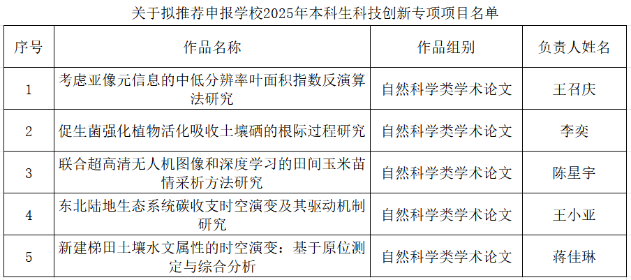 根据《关于开展2025年本科生科技创新专项申报工作的通知》要求,经过学生申报、91直播 评审等环节,拟推荐《考虑亚像元信息的中低分辨率叶面积指数反演算法研究》等5个项目申报学校2025年本科生科技创新专项。
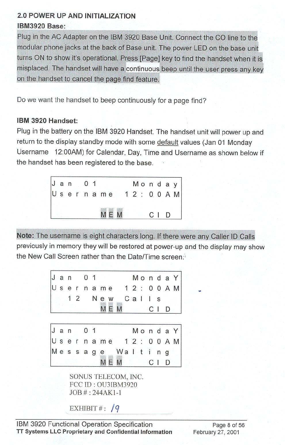 Sonus Telecom IBM3920 2.4 GHz DSS Digital Cordless Telephone User Manual users manual 1
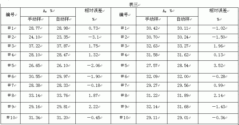根据ISO1988-1975(E)《硬煤-采样》推荐的参比方法,我厂采用停皮带人工采样与自动采样装置采样相比较的方法,分别取得10个样进行煤样灰分试验,测得数据如下表所示:

* Problem description
All of the material must be given again exactly, though no picture may appear in the copy.

* Solved exercise
 根据《关于开展2025年本科生科技创新专项申报工作的通知》要求,经过学生申报、91直播 评审等环节,拟推荐《考虑亚像元信息的中低分辨率叶面积指数反演算法研究》等5个项目申报学校2025年本科生科技创新专项。
 Sonus Telecom IBM3920 2.4 GHz DSS Digital Cordless Telephone User Manual users manual 1
根据ISO1988-1975(E)《硬煤-采样》推荐的参比方法,我厂采用停皮带人工采样与自动采样装置采样相比较的方法,分别取得10个样进行煤样灰分试验,测得数据如下表所示:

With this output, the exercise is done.